2020 in Review: All Classes Held Remotely in Unprecedented Fall Semester

Harvard held its first-ever fully virtual semester this fall, with classes convening on Zoom.
Harvard held its first-ever fully virtual semester this fall, with classes convening on Zoom. By Sara Komatsu
By Taylor C. Peterman, Crimson Staff Writer

This story is part of The Crimson's Ten Stories That Shaped 2020 series. To view other parts, click here.

Harvard announced in July that it would welcome only freshmen and students with extenuating circumstances to campus for the fall semester and conduct its courses entirely online.

Though the College had planned to provide accommodations for up to 40 percent of its undergraduate population, just a quarter of students elected to live on campus.

Despite being among the class invited to campus, international freshmen were unable to live in residence due to federal visa restrictions.

Barred from on-campus housing, some upperclassmen opted to return to the Boston area anyway, taking up rentals with friends. Others chose to venture much farther from the Yard, settling in locales like Hawaii, Utah, New York, and Rhode Island.

Many undergraduates mulled taking a leave of absence or gap year upon learning of another semester of virtual classes. Ultimately, nearly 20 percent of students chose not to enroll for the fall semester, decreasing enrollment from 6,755 students last year to 5,382 students this year.

Students living on campus arrived in Cambridge in late August at pre-assigned times spread over a week. Once on campus, residents underwent Covid-19 testing, picked up their keys and pre-packaged meals, and moved into their dorms for a mandated quarantine.

In October, Harvard sent three freshmen living in Mather House back home for hosting an indoor party with at least three other guests. That incident marked the only confirmed case of the College’s Community Council — a group of student volunteers, faculty, and staff members organized to enforce health and safety requirements — disciplining undergraduates for violating the rules.

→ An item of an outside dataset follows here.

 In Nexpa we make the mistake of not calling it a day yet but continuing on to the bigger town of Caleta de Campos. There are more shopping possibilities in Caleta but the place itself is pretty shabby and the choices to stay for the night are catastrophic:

With all academic and extracurricular activities rendered virtual, some enrolled students reported feelings of Zoom fatigue throughout the semester. “We can't take for granted how important it is to have that student interaction, and it can't necessarily be replicated on Zoom. It's just not the same,” Dean of Students Katherine G. O’Dair said of the online transition.

International students of all class years reported an onslaught of challenges during the fall semester, grappling with midnight classes and limited extracurricular and social opportunities.

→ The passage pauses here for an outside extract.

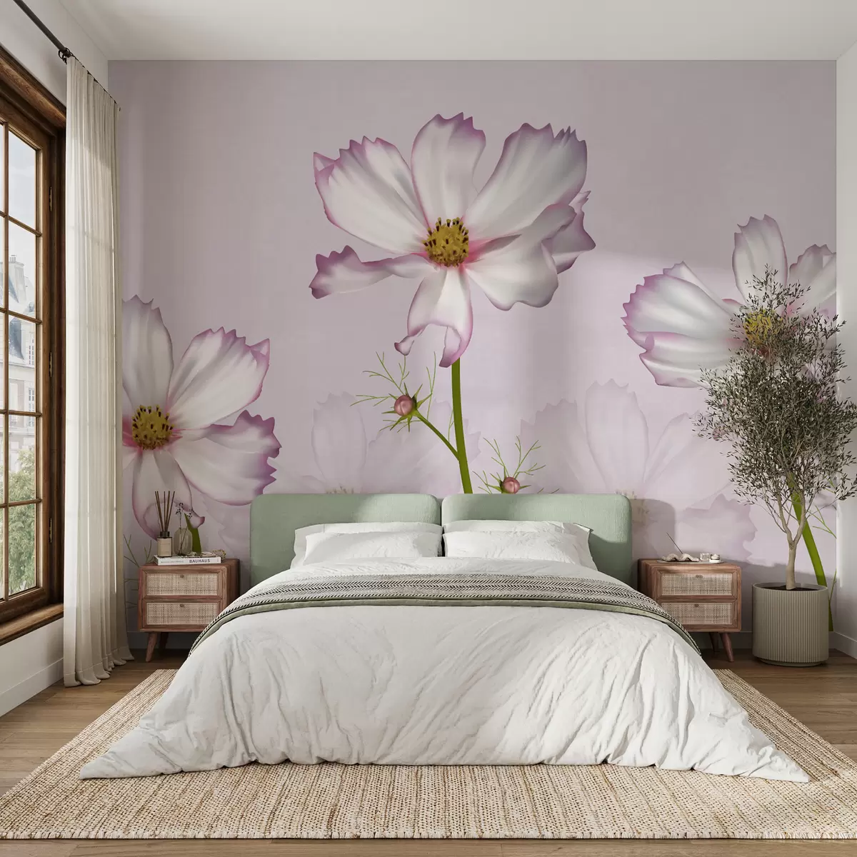 Fototapetai didelės laukinės gėlės, violetinės gėlės, akvarelė Nr. w01079

“My extracurriculars are all but dead,” one international student said in a September interview with The Crimson. “My life at home has been reduced to academic work.”

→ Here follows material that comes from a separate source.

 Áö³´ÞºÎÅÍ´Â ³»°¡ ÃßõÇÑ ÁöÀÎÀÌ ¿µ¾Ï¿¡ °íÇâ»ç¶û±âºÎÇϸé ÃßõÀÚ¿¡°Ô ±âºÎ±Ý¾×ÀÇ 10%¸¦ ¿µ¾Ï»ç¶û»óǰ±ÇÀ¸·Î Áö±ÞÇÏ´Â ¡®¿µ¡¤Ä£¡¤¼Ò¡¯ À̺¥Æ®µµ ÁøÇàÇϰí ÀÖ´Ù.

Back on campus, many student-athletes living in residence said they were “grateful” to be able to meet with coaches and teammates to participate in sport-specific training for a portion of the semester.

Though the Ivy League canceled fall and winter sports, the College permitted student-athletes to participate in strength and conditioning training for an hour each day, during which they wore masks and maintained a six-foot distance.